[INFORMATION GIVEN — start]

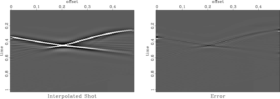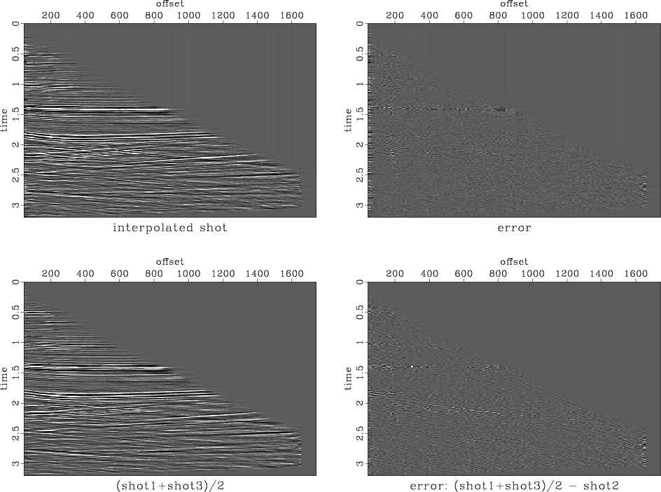 Figure 9 shows the result of a shot interpolation experiment using the constant-velocity synthetic from Figure 4. In this experiment, I removed one of the shot gathers from the original NMO-corrected data and interpolated it back using equation (17). Subtracting the true shot gather from the reconstructed one shows a very insignificant error, which is further reduced by using the PEF regularization (right plots in Figure 9). The two neighboring shot gathers used in this experiment are shown in the top plots of Figure 8. For comparison, the bottom plots in Figure 8 show the simple average of the two shot gathers and its corresponding prediction error. As expected, the error is significantly larger than the error of shot continuation. An interpolation scheme based on local dips in the shot direction would probably achieve a better result, but it is significantly more expensive than the shot continuation scheme introduced above.
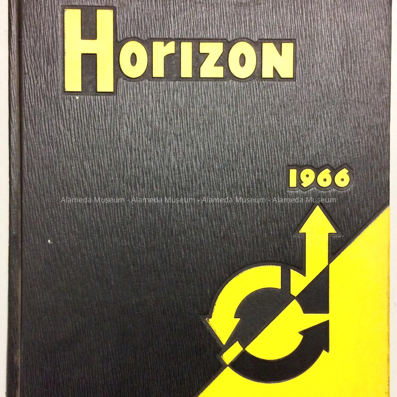 Hard-bound yearbook, with cover of imitation black-and-yellow colored plastic, with embossed caption ‘Horizon’ and ‘1966’ in yellow-colored type.
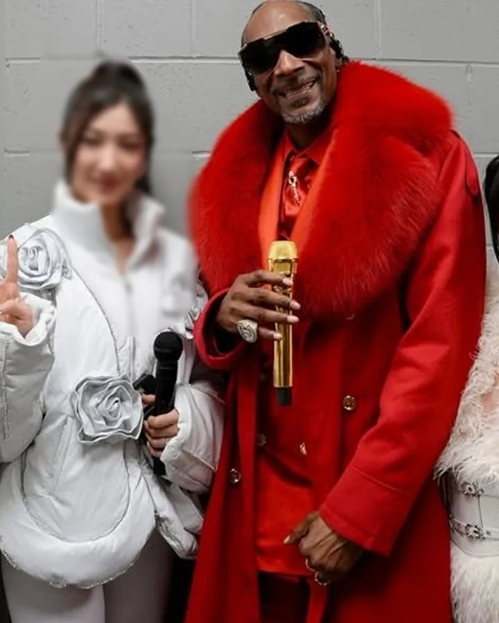 The coat features full-length sleeves, open-hem cuffs, and a classic button closure that keeps the look clean and timeless. Storage is well-handled with two side pockets for daily essentials and one inner pocket for added convenience. Finished in a striking red tone, this Snoop Dogg halftime show red coat captures attention without overdoing it.
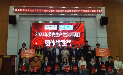 大会对在此次生产性实训项目中表现突出、成绩优异的学生进行了表彰,并颁发了获奖证书和奖品。其中,商务日语2022级1班的学生周翔宇、赵德松荣获青岛赛区优胜奖,将由荣光信息技术(青岛)有限公司出资,选派其赴荣光日本总公司及札幌地区游学一周。维多利亚vic003在此次实训项目中处理数据的总量和质量在省内6所参训院校中位列第一,荣获公司团体优胜奖。
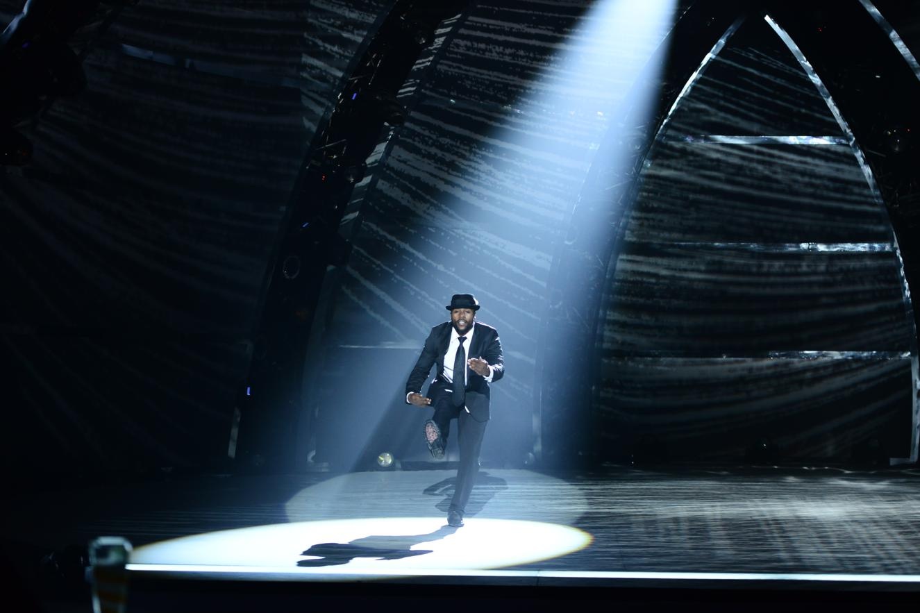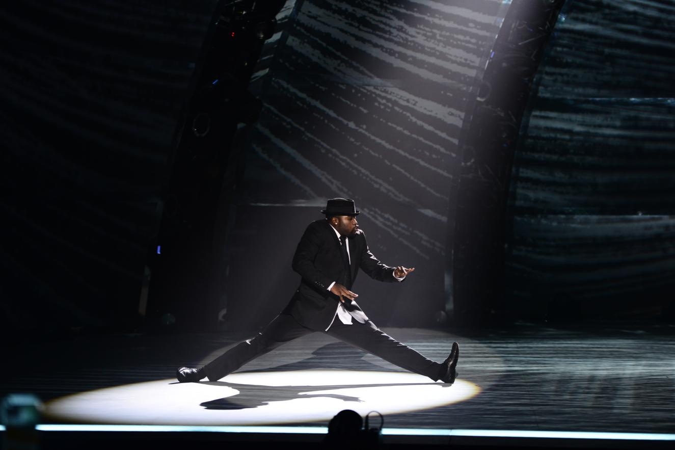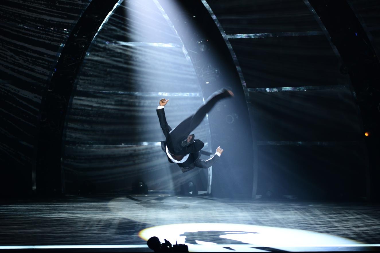| Joshua mang đến tiết mục solo độc đáo đậm chất giải trí. Vốn thần tượng Michael Jackson nên những động tác của Joshua phảng phất dáng dấp của ông hoàng nhạc pop. Những cú xoạc chân và bay người của anh làm "no mắt" người xem. |
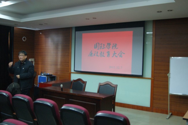 2012年12月7日下午2点,在艺术楼102教室举行国际学院廉政教育大会。国际学院副书记裘广宇主持大会,国际学院的教师党员参加了这次会议。

[INFORMATION GIVEN — finish]

Go to the line above that contains "Hard-bound yearbook, with" and reproduce everything exactly from there through the line that contains "người xem. |", leaving out the pictures.

 Hard-bound yearbook, with cover of imitation black-and-yellow colored plastic, with embossed caption ‘Horizon’ and ‘1966’ in yellow-colored type.
 The coat features full-length sleeves, open-hem cuffs, and a classic button closure that keeps the look clean and timeless. Storage is well-handled with two side pockets for daily essentials and one inner pocket for added convenience. Finished in a striking red tone, this Snoop Dogg halftime show red coat captures attention without overdoing it.
 大会对在此次生产性实训项目中表现突出、成绩优异的学生进行了表彰,并颁发了获奖证书和奖品。其中,商务日语2022级1班的学生周翔宇、赵德松荣获青岛赛区优胜奖,将由荣光信息技术(青岛)有限公司出资,选派其赴荣光日本总公司及札幌地区游学一周。维多利亚vic003在此次实训项目中处理数据的总量和质量在省内6所参训院校中位列第一,荣获公司团体优胜奖。
| Joshua mang đến tiết mục solo độc đáo đậm chất giải trí. Vốn thần tượng Michael Jackson nên những động tác của Joshua phảng phất dáng dấp của ông hoàng nhạc pop. Những cú xoạc chân và bay người của anh làm "no mắt" người xem. |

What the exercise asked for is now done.